You should have a thorough understanding of TCP/IP networking and subnetting concepts, as well as Cisco routing and switching configuration, to fully comprehend all of the material in this article. However, even if you don’t fully meet these prerequisites, you can still read this article and get a basic understanding of DHCP planning and design that can help you work better with network architects and IT consultants.
Designing your TCP/IP network
A basic understanding of TCP/IP networking can help your design avoid the biggest factors in network congestion. In this section, I'll also give you some tips for creating a "binary friendly" design and working with layer 3 switches.
Performance and sizing of subnets
In order to design a high-performance and low-congestion network, you must understand the enemies of network performance. In the past, the biggest enemy of network performance was data collisions caused by the use of Ethernet repeaters (a.k.a. hubs). With hubs, anytime data is transmitted by one computer to another, the data is repeated to every single port of the hub, which results in excess traffic on each one of those network nodes.
This cause of excess traffic is mostly a thing of the past, because Ethernet switches have replaced Ethernet hubs at the core of most networks. Data collisions have all but become moot on modern Ethernet networks because Ethernet switches isolate traffic between two nodes, while keeping all other ports clear and open for other communication.
The new king of congestion is the broadcast storm. Computers (especially the ones running NetBEUI) have a nasty habit of calling out to the entire TCP/IP subnet, which in turn forces an Ethernet switch, which normally likes to keep traffic isolated, to send that data stream to every port on the switch on the same subnet. Even worse, sometimes every node on that subnet has to respond to the sender, causing the original broadcast to be amplified a thousand times.

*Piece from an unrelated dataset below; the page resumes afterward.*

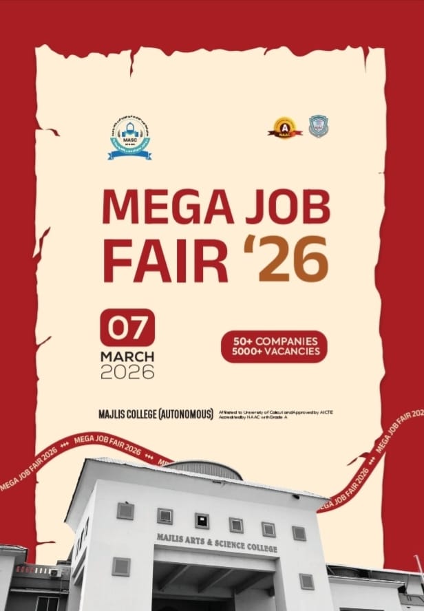 Majlis College (Autonomous) proudly announces Mega Job Fair 2026 on 07 March 2026, featuring 50+ leading companies and 5000+ job vacancies. Donโt miss this exceptional opportunity to connect with top recruiters and take the next step toward a successful career.
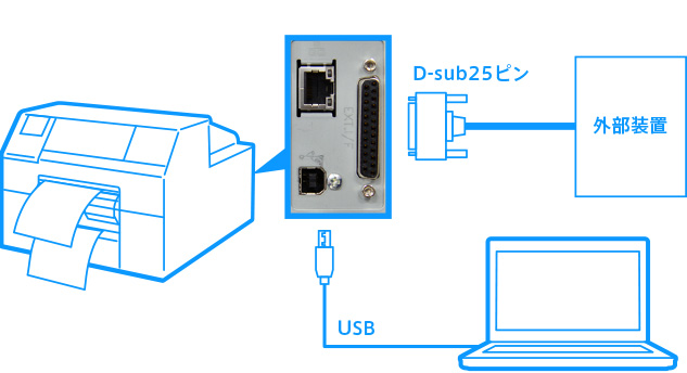 印刷開始/入力/一時停止/再印刷/印刷終了など、プリンターを制御する信号をやりとりするD-sub25ピンの外部インターフェイスを搭載。PLCなど外部の制御装置からでもプリンターを管理でき、製造現場の自動化ラインなどにも組み込んでご使用いただけます。

Unfortunately, this scenario sometimes puts us back into the same predicament that Ethernet hubs had to deal with constantly. The only way to combat this traffic problem is to keep the number of hosts on a single broadcast domain to a minimum. That means probably no more than 128 nodes on a single TCP/IP subnet. I have seen sites with thousands of computers on a single subnet, and I can tell you it isn't pretty when monitoring their broadcast storms. In fact, I have seen setups so bad that people were kicked out of their terminal server sessions a dozen times a day because of network instability caused by broadcast storms.
Designing a clean, “binary nice” subnet
In this design example, I'll start with the premise that you have a single LAN site at a single location. While it's possible to run DHCP over WANs, it isn't considered best practice, so you will stick to a single LAN. The site will have up to 1,000 users with 1,000 computers broken down into 256-host sized VLANs with no more than 100 users per VLAN and room to spare. (VLANS are created by logically segmenting a network with a managed layer 2 or layer 3 switch.) This means you will require a minimum of 10 VLANs on this site.
Additionally, because you'll want to be able to summarize this site into a single supernet when routing, you'll round up to the next “nice” binary number, 16. You'll use the private class A scheme of 10.x.x.x for your company, so for this site, you will run the entire site under the network ID of 10.0.0.0/20. For those of you new to this naming convention, this is the abbreviated terminology for the Network ID of 10.0.0.0 with subnet mask of 255.255.240.0, which defines all IP addresses ranging from 10.0.0.0 to 10.0.15.255.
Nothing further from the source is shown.